Walkthrough: Use the Amazon Tools for Windows PowerShell with Run Command
The following examples show how to use the Amazon Tools for Windows PowerShell to view information about commands and command parameters, how to run commands, and how to view the status of those commands. This walkthrough includes an example for each of the pre-defined Amazon Systems Manager documents.
Important
Only trusted administrators should be allowed to use Systems Manager pre-configured documents shown in this topic. The commands or scripts specified in Systems Manager documents run with administrative permission on your managed nodes. If a user has permission to run any of the predefined Systems Manager documents (any document that begins with Amazon), then that user also has administrator access to the node. For all other users, you should create restrictive documents and share them with specific users.
Topics
- Configure Amazon Tools for Windows PowerShell session settings
- List all available documents
- Run PowerShell commands or scripts
- Install an application using the AWS-InstallApplication document
- Install a PowerShell module using the AWS-InstallPowerShellModule JSON document
- Join a managed node to a Domain using the AWS-JoinDirectoryServiceDomain JSON document
- Send Windows metrics to Amazon CloudWatch Logs using the AWS-ConfigureCloudWatch document
- Update EC2Config using the AWS-UpdateEC2Config document
- Turn on or turn off Windows automatic update using the AWS-ConfigureWindowsUpdate document
- Manage Windows updates using Run Command
Configure Amazon Tools for Windows PowerShell session settings
Specify your credentials
Open Tools for Windows PowerShell on your local computer and run the following command to specify your credentials.
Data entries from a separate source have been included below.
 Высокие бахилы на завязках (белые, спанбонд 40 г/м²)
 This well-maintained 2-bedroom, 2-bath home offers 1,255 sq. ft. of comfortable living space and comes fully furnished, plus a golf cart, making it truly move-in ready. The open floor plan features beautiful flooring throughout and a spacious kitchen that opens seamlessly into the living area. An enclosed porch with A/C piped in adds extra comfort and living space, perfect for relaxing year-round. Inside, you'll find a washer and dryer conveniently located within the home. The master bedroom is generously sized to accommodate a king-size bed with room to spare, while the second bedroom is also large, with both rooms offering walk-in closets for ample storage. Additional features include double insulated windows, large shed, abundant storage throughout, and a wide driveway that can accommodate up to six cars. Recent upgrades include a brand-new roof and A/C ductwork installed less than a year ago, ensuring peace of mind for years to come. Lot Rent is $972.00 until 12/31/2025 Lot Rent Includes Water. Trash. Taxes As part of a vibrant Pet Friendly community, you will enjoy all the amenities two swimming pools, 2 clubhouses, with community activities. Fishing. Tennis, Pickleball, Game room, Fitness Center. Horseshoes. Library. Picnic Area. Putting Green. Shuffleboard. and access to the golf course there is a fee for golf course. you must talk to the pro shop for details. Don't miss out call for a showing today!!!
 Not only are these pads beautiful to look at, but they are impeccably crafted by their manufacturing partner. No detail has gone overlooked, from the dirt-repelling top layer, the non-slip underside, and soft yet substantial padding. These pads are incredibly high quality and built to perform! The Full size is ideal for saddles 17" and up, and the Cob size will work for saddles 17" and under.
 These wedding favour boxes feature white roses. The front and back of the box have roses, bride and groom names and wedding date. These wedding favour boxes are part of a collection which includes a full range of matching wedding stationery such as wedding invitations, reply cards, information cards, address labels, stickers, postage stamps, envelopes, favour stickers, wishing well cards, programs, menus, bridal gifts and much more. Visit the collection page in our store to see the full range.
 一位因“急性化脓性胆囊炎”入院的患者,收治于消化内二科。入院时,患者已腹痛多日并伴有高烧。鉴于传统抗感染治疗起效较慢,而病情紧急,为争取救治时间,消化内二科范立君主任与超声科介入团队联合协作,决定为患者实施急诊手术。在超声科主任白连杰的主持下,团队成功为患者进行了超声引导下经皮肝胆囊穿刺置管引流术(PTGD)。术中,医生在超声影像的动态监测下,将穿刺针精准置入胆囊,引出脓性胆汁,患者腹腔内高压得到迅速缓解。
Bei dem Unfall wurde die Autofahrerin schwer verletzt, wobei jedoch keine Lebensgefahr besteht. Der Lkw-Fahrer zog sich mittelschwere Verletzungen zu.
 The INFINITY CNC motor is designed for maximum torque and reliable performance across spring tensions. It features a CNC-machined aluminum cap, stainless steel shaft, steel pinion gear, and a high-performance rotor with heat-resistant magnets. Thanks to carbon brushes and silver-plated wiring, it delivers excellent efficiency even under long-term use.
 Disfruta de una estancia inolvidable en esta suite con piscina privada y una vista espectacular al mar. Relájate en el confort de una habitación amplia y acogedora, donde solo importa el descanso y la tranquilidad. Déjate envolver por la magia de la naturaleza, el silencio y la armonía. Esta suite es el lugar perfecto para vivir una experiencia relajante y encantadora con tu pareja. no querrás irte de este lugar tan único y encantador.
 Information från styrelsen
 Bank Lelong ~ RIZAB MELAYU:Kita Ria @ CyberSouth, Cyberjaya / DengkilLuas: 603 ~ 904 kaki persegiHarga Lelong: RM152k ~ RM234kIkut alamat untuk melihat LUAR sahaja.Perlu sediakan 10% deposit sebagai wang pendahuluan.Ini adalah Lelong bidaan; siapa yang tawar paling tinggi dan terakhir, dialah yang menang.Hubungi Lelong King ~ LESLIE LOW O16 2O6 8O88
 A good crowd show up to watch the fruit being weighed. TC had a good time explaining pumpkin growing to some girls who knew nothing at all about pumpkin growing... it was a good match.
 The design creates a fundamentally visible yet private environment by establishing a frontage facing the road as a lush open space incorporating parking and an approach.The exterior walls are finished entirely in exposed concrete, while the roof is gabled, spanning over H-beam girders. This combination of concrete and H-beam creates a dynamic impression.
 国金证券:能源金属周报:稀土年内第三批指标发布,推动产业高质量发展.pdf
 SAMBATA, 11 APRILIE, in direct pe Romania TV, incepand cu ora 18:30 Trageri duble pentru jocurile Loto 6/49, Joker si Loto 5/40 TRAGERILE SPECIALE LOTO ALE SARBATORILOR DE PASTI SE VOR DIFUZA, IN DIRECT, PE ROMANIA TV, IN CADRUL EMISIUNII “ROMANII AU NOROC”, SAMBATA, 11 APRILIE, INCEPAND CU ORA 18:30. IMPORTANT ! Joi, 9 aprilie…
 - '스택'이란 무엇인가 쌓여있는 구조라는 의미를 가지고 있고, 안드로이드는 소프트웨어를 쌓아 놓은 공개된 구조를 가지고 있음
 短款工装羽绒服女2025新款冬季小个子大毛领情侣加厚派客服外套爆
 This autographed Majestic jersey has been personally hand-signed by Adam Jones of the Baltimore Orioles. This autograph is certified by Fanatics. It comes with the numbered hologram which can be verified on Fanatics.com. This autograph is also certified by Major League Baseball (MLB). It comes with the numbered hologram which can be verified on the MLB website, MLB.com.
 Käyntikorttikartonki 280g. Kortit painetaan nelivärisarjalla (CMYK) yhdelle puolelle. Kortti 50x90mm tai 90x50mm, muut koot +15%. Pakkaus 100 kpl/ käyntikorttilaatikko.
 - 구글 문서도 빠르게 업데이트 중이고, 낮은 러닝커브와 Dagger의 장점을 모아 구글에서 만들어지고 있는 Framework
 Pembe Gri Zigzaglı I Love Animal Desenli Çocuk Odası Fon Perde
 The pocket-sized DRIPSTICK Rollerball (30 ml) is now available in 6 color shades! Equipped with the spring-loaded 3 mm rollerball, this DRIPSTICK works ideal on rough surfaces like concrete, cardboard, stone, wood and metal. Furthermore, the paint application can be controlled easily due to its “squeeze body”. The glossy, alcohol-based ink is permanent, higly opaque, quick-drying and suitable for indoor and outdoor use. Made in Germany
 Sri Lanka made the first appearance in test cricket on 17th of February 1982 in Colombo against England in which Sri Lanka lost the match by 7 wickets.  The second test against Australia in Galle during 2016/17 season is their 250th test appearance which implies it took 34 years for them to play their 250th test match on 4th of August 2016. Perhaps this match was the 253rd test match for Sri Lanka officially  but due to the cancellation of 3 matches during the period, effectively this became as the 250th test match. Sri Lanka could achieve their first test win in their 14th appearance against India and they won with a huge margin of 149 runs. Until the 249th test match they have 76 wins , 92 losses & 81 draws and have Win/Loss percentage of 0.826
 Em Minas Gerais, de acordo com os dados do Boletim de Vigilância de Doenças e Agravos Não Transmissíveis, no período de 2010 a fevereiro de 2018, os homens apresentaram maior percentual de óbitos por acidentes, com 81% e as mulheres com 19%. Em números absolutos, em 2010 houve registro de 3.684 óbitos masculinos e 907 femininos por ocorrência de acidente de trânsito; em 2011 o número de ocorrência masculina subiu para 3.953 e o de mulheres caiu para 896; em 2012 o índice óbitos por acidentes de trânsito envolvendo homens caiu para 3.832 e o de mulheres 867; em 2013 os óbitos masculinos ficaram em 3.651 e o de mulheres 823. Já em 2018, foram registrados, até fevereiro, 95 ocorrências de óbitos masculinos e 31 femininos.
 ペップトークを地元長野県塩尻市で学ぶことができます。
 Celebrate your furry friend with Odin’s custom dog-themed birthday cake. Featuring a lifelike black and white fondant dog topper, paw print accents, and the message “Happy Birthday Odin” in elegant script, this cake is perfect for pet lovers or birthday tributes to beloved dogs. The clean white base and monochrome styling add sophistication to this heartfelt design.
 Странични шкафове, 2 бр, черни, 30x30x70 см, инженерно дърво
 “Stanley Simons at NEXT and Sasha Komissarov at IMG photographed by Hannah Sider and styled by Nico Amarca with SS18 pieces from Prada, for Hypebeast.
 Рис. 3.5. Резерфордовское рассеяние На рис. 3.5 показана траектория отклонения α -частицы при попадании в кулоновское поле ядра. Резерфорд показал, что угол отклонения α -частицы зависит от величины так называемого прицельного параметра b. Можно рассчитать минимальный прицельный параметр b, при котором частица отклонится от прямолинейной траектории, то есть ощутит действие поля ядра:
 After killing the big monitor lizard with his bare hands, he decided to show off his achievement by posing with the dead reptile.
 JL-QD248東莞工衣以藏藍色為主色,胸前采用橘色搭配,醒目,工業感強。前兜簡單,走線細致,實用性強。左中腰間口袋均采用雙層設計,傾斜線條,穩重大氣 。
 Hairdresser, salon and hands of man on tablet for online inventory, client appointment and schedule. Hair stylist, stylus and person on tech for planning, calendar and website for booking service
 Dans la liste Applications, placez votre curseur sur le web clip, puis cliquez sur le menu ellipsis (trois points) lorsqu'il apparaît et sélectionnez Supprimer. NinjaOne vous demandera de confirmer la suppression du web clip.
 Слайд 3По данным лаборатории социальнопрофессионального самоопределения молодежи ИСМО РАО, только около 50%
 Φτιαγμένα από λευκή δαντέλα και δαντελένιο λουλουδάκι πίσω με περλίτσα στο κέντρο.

You must either have administrator permissions on the managed nodes you want to configure or you must have been granted the appropriate permission in Amazon Identity and Access Management (IAM). For more information, see Setting up managed nodes for Amazon Systems Manager.
Set-AWSCredentials –AccessKey
key-name
–SecretKeykey-name
Set a default Amazon Web Services Region
Run the following command to set the region for your PowerShell session. The example uses the US East (Ohio) Region (us-east-2). Run Command is available in the Amazon Web Services Regions listed in Systems Manager service endpoints in the Amazon Web Services General Reference.
Set-DefaultAWSRegion ` -Region us-east-2
List all available documents
This command lists all documents available for your account.
Get-SSMDocumentList
Run PowerShell commands or scripts
Using Run Command and the AWS-RunPowerShell
document, you can run
any command or script on a managed node as if you were logged on locally. You
can issue commands or enter a path to a local script to run the command.
Note
For information about rebooting managed nodes when using Run Command to call scripts, see Handling reboots when running commands.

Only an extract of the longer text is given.